Exercise brief |
The required answer is the run of lines from the one holding "When all is said and done, |" to the end of the data below, copied exactly and free of pictures.

Source material |
════

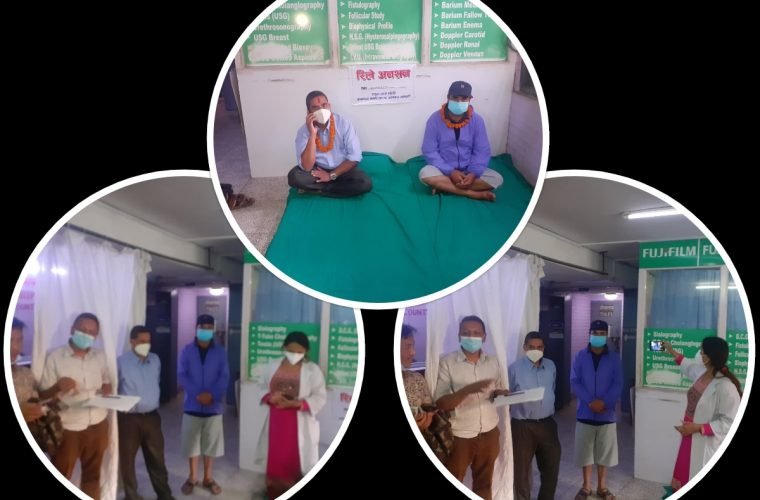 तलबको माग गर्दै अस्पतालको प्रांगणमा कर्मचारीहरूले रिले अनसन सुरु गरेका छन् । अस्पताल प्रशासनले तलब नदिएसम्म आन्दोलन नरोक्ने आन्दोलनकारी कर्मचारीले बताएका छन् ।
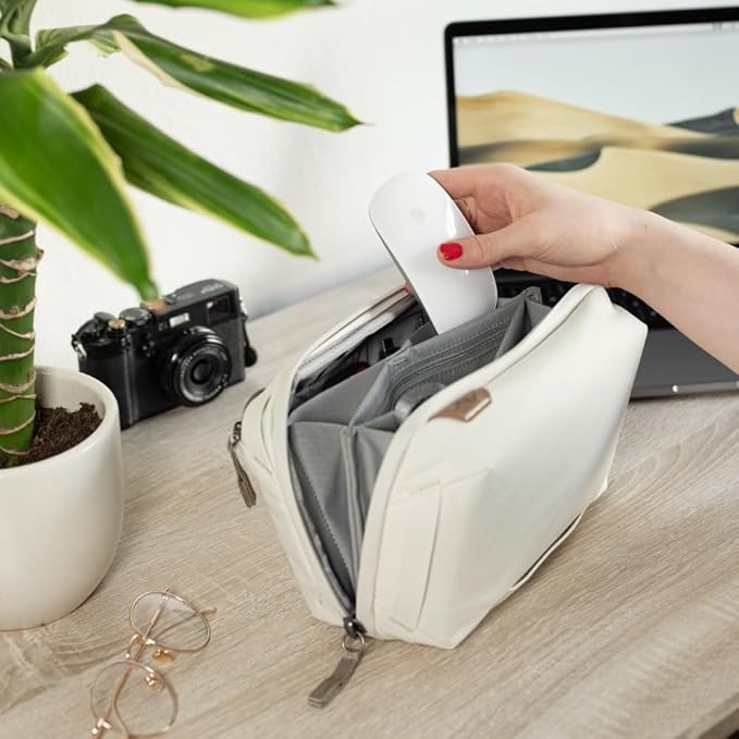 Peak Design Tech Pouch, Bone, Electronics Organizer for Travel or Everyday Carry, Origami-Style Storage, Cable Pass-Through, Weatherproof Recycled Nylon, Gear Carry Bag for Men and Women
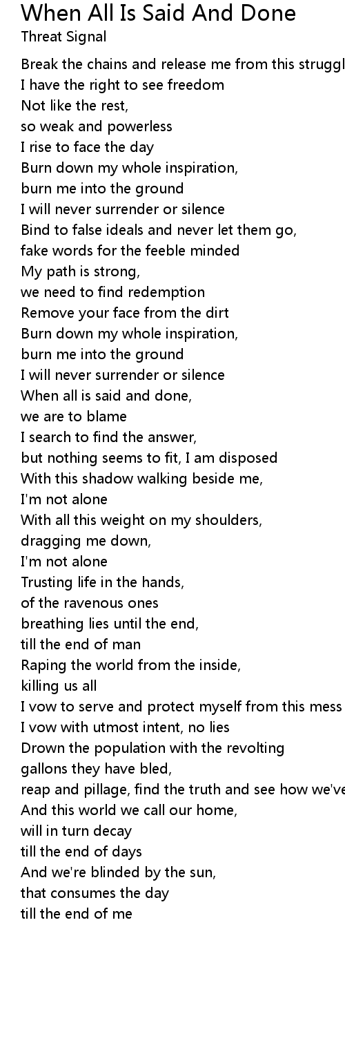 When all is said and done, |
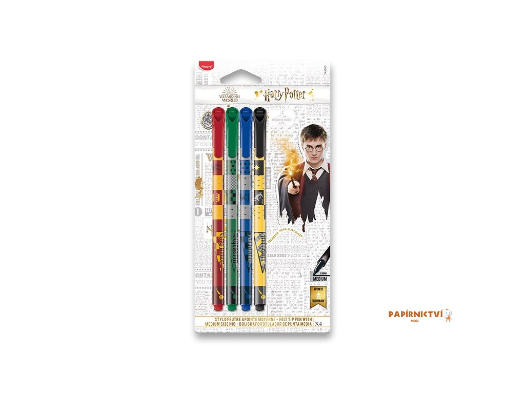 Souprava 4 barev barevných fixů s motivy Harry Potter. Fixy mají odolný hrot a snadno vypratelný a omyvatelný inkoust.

════

Exercise solution |
 When all is said and done, |
 Souprava 4 barev barevných fixů s motivy Harry Potter. Fixy mají odolný hrot a snadno vypratelný a omyvatelný inkoust.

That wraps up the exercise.